Word of the Week: Quiet Enjoyment
Word of the Week March 3rd. 2008, 9:00amEach week we select a legal term or phrase that’s commonly misunderstood, interesting, or may save you from living under a leaky roof. This week’s word is the latter.
Written by: J. Aaron Landau
Imagine you’re signing a lease on an apartment. A provision in the contract makes an assurance: so long as you keep up the rent payments and maintain certain responsibilities as a renter, you’re entitled to “quiet enjoyment” of the property. What has your landlord just promised? Will he have broken that promise if the downstairs neighbor’s copy of Power Ballads of 1984 gets a little too…powerful? If not, what does it take for a landlord to break that assurance?
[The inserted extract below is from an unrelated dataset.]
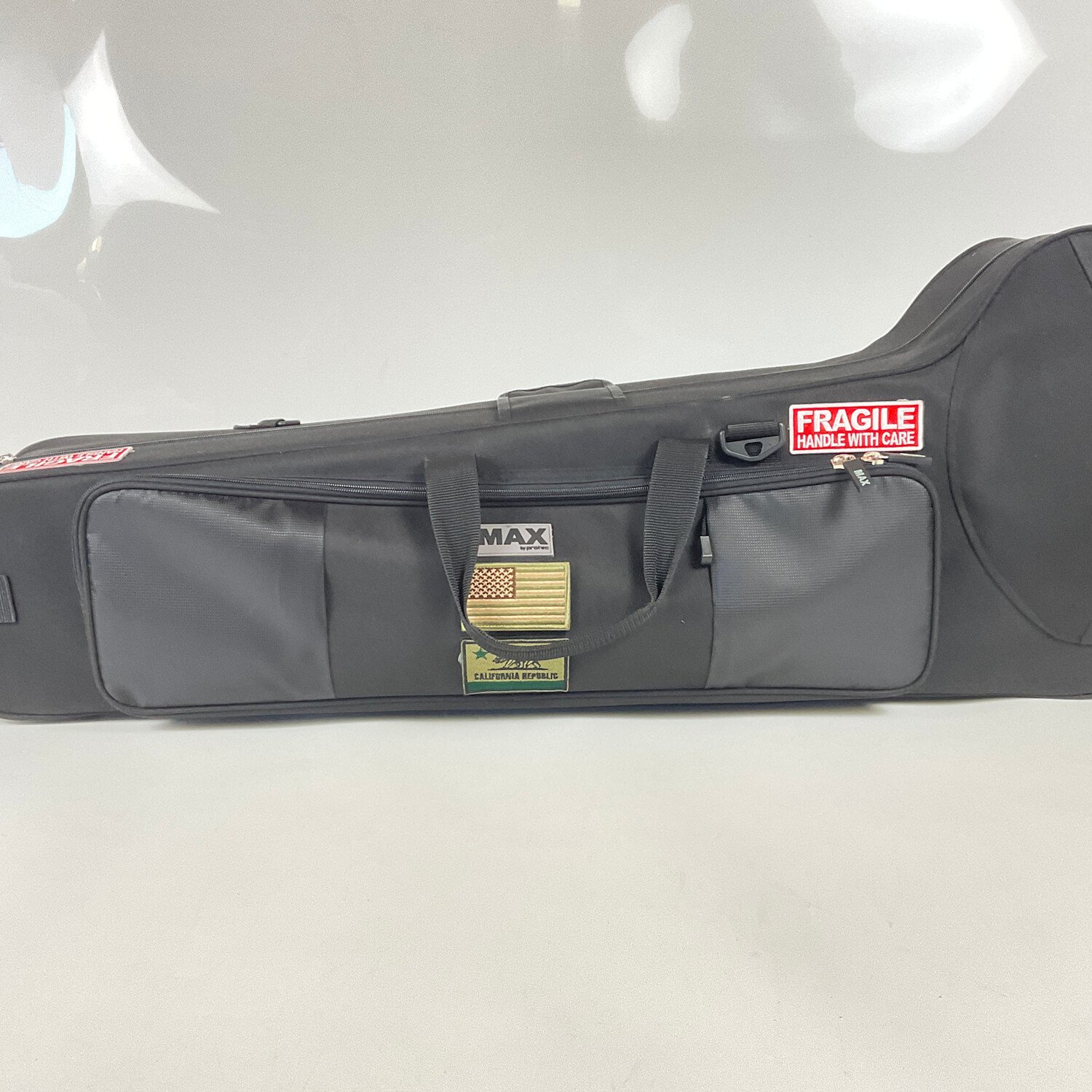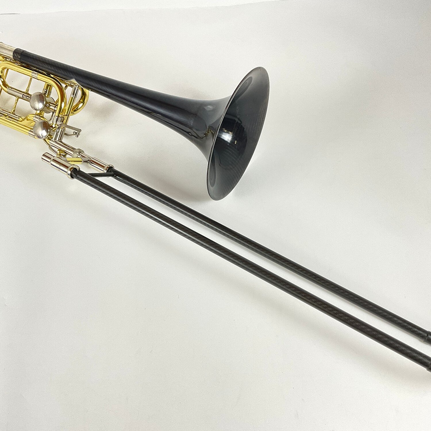 Used Yamaha YBL-822 Bb/F/D bass trombone in lacquer finish. Features include a .563" handslide with outer Butler (inner Yamaha) handslide, independent rotary valve section, and 9.5" Butler bell. Instrument is in good condition apart from surface scratching, some spots of lacquer, and some signs of soldering/epoxy where the Butler parts were added. Includes Protec case.
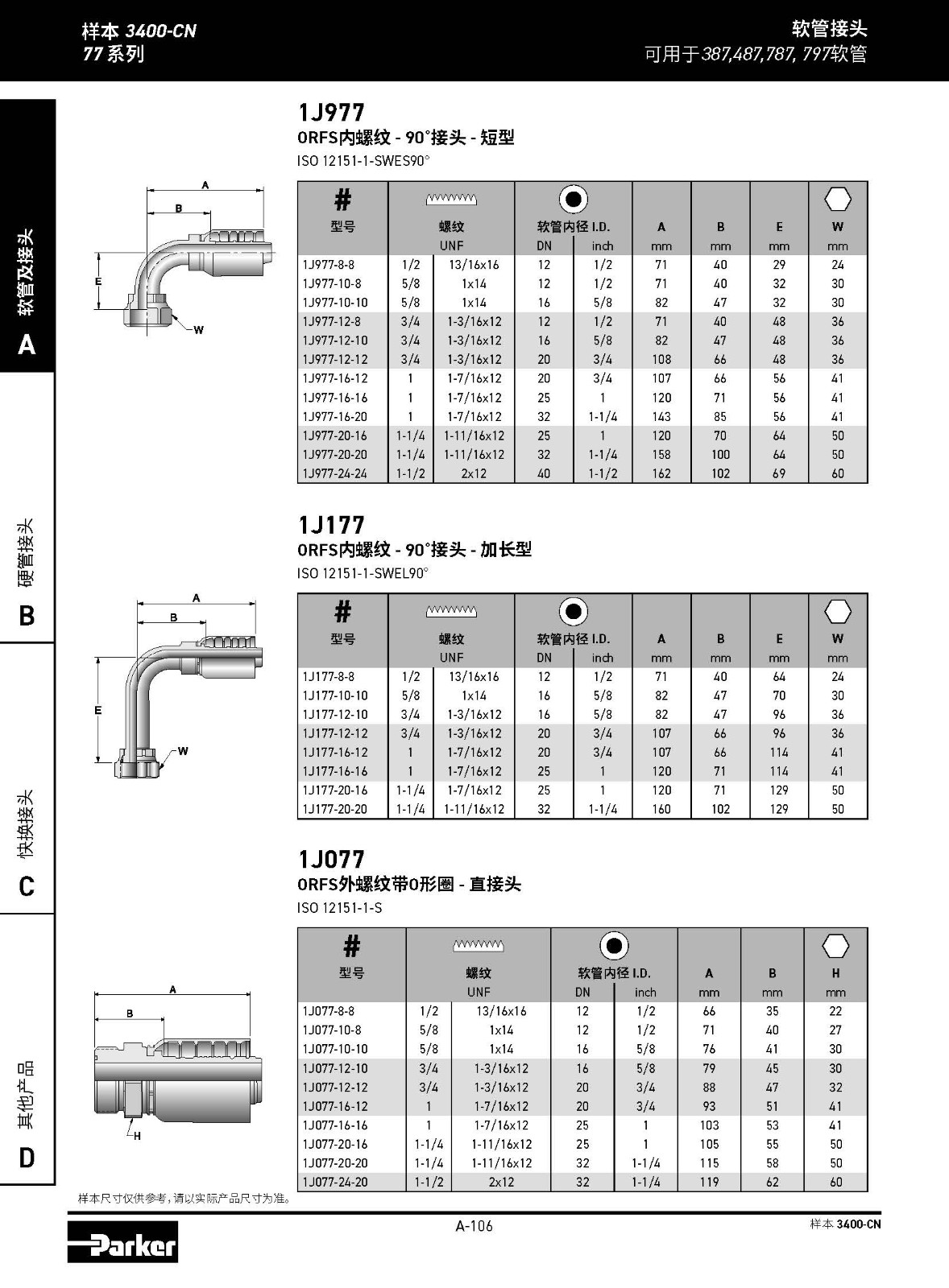 1J177 ORFS內(nèi)螺紋 - 90?接頭 - 加長型 ISO 12151-1-SWEL90

A tenant in property (such as an apartment renter) has certain rights related to that property. Among those rights is the widely recognized but commonly misunderstood right to “quiet enjoyment.” Fundamentally, the right to quiet enjoyment is the right of a tenant to use his or her property without interference. That “interference,” however, doesn’t refer to noise or disturbance - it refers to interference with the tenant’s possession of the property. In other words, “quiet” in this sense doesn’t mean “hushed” or “peaceful,” but instead means “free of encroachment.” What the covenant says, then, is that a landlord can’t interfere with a tenant’s right to occupy the property.
There are two ways that interference can happen. The first is actual eviction — for example, a lockout. Since a tenant has the right to exclusive possession of the property during a lease, a lockout would physically deprive the tenant of that right, and would constitute a breach of the covenant of quiet enjoyment. (Unless, of course, the landlord has been given the right to evict you…be sure to pay your rent!)
The second way in which a landlord can interfere with a tenant’s right to possess property is a bit more complex: if a landlord’s action falls short of actually excluding a tenant, but is still substantial enough that a tenant would vacate the property, it may be considered constructive eviction. For example, if a landlord neglects to make repairs to a flooded apartment, the apartment may be rendered useless, causing an interference with the tenant’s right to occupy the property.
So does it really take a flood or a lockout to constitute a breach of the covenant of quiet enjoyment? As is often the answer in legal definitions, it depends. Just what constitutes a “substantial interference” by the landlord will vary from state to state, though the standard is consistently high. For lesser headaches (such as your neighbor’s affinity for 80’s soft rock) there are several other causes of action under which a landlord might be liable, such as the doctrine of habitability. Ideally, though, such trouble never rises to the level of legal action - often, a simple knock on the door is all the remedy one needs.